McCormick, who was skeptical of the defense’s arguments during the August hearing, said in Monday’s ruling that those arguments were fatally flawed.
“The large and talented group of defense companies got creative with the ratification argument, but their unprecedented principles run counter to many strands of established law,” McCormick wrote in a 103-page opinion.
The judge said, among other things, that a shareholder vote cannot stand alone and ratify a disputed controlling-control transaction.
“Even though a shareholder vote could have a ratifying effect, it could not do so here because of several material misstatements in the proxy statement,” he said.
Musk expressed disagreement with the decision in a post on his owned social media platform X.
“Shareholders should control a company’s votes, not judges,” he wrote.
McCormick, meanwhile, found that a $US5.6 billion ($A8.7 billion) fee request by shareholder lawyers, which at one point rose to $US7 billion ($A11 billion) based on Tesla’s trading price , gone too far.

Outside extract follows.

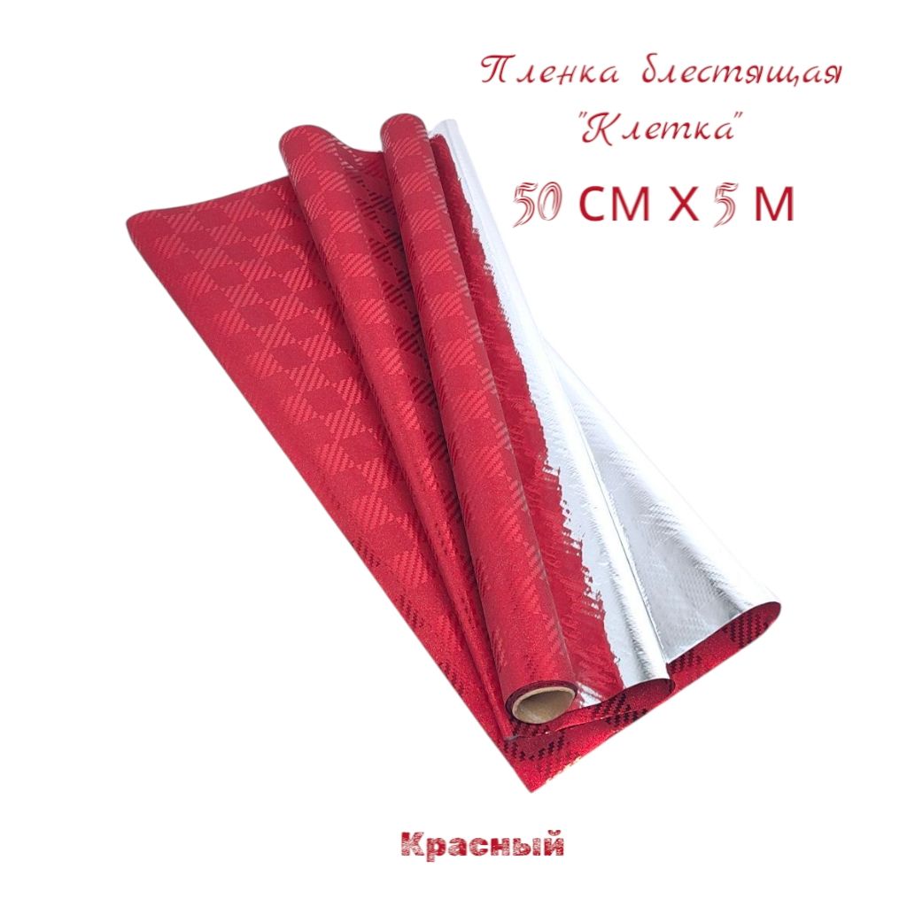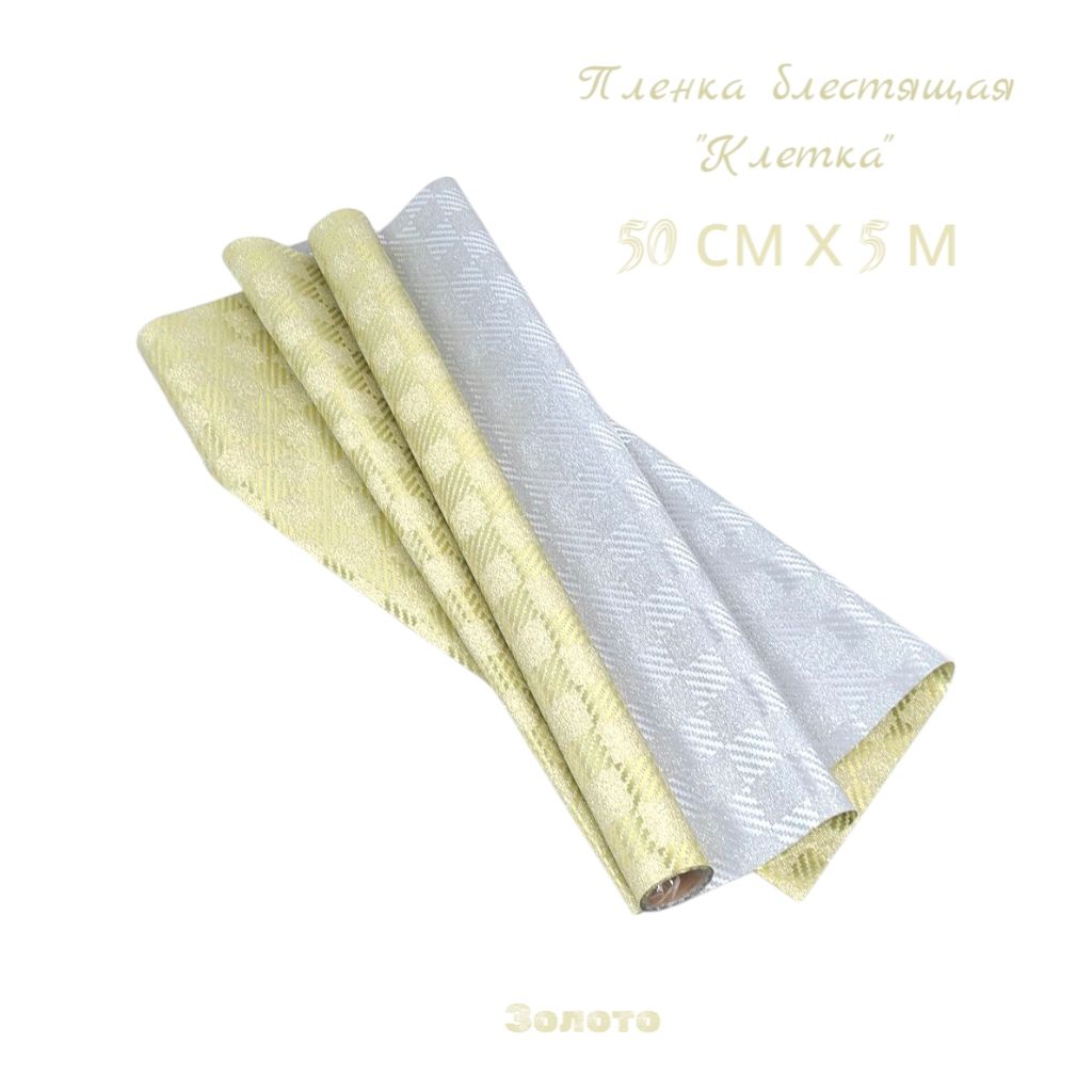 Пленка в рулоне Клетка с блеском 50 см х 5 м Выбрать цвет: золото, красный, розовый, серебро, тиффани; описание, фото о товаре.

“As a matter of excessive compensation, this was a bold question,” McCormick wrote.
Tesla shareholder lawyers argue that their work resulted in a “huge” benefit to Tesla returning shares that otherwise would have gone to Musk and diluting the stock held by other Tesla investors.
Using the difference between the stock price at the time of McCormick’s January decision and the strike price of about 304 million stock options granted to Musk, they value that gain at $US51.4 billion ($A79.7 billion).